Add a tree or two to the mix, plus a few cycles of freezing and thawing, and you’ve got the perfect recipe for a huge homeowner headache.
“Tree roots grow toward water, and there’s water in your sewer pipe,” Borg said. “So every three feet, you might have tree roots coming in, then they grab onto solids, basically everything people flush down the toilet. It causes a backup and that’s when we come in with our snake and cut the roots out.”
Some folks prefer to skip the part where the sewage water backs up into their home and simply schedule an annual visit from the sewer snake (a number of area businesses offer this service).
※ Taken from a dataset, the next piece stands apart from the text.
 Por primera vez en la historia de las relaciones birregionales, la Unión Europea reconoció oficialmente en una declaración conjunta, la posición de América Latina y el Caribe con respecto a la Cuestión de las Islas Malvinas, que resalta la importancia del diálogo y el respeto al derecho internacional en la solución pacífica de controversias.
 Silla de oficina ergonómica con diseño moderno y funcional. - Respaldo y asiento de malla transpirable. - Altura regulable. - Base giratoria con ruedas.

A foaming agent, such as RootX, is a chemical alternative to hiring a sewer technician to run a snake through the lines. Many experts recommend copper sulfate crystals, which create a poison zone within the soil outside the pipe. Roots can’t get into the pipe, as they die trying. A foaming agent like RootX will coat the root masses that come down from the top of the pipe like fingers from a web, rather than just traveling through the bottom of the pipe. One treatment is supposed to kill off and prevent roots from coming back for a year.
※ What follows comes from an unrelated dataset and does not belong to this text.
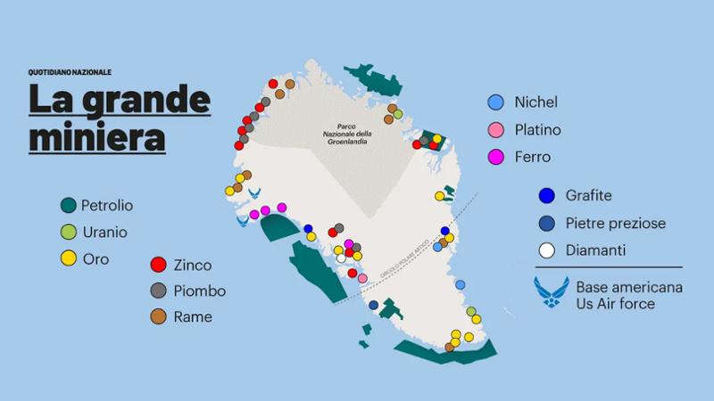 La mappa delle Groenlandia: terre rare, gas e giacimenti di petrolio

For frequent sewer backups, some sewer services offer TV video inspection and recording. For a fee, around the $200 mark, workers send a tiny video camera down the length of the sewer pipe so the homeowner can actually get a better idea of what’s causing the problem. Perhaps the entire line needs to be replaced, maybe it’s just one section.
Bear in mind the line that runs from the home – known as the service line, or lateral line – to the main sewer line under the street is the responsibility of the homeowner to maintain and repair.
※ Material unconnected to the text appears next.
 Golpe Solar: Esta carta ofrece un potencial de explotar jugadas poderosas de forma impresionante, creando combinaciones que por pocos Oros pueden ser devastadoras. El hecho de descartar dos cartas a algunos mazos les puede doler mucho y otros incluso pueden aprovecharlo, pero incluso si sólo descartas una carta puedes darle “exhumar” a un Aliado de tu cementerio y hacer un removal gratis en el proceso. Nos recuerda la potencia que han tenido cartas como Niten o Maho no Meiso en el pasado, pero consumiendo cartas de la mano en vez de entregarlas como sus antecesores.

Caleb Peterson, Cloquet assistant city engineer, said he’s not surprised to hear of an older home having roots in the sewer line. He noted that the majority of calls the city gets about sewer backups are because of problems with the service line – whether from grease, roots or offset pipes – and not from the city’s main line.
“There are homes around town where people deal with continuous root issues,” Peterson said. “Most of them don’t go to the expense of digging until they have to.”
Roots in a sewer line are a double whammy, a problem for the homeowner at one end and the wastewater treatment plant at the other. That’s because those leaks in the sewer pipe also allow rainwater and snowmelt into the sewer line, sending water that doesn’t need to be treated to the wastewater treatment plant.
Duluth has had a program requiring the worst culprits to fix leaky lateral lines, because a heavy rain has been known to overwhelm the sanitary sewer system, which then floods above ground. In the worst cases, and there have been many, that untreated mixture of sewage and stormwater has run into Lake Superior.
Peterson said Cloquet also has a program to address the issue of stormwater entering the sanitary sewer system, but the focus is more on sump pumps and foundation drains that are wrongly hooked up to the sewer line.
“Our goal is reducing clear-water connections into the sanitary sewer,” Peterson said.
Homeowners who lack the average $7,000 cost of replacing the entire lateral line do have options, he said.
Less expensive than digging up the pipes (and possibly part of the street) and replacing them is having the pipes lined, something Peterson said the city does with some city sewer lines.
“It’s a pretty common practice in sewer mains and it’s cheaper to line and rehab than to dig up and replace,” he said.
Many homeowners choose to continue to have the roots cut out every year, or as often as needed (which varies tremendously and must be learned from experience).
One thing is certain, it’s a problem that can’t be ignored when it happens.
As Chris Oestreich of Midway Sewer and Service so aptly stated, as he explained why he went from being a cook to being a sewer technician: “The sewer business is one that will never fail, because everyone’s gotta go to the bathroom."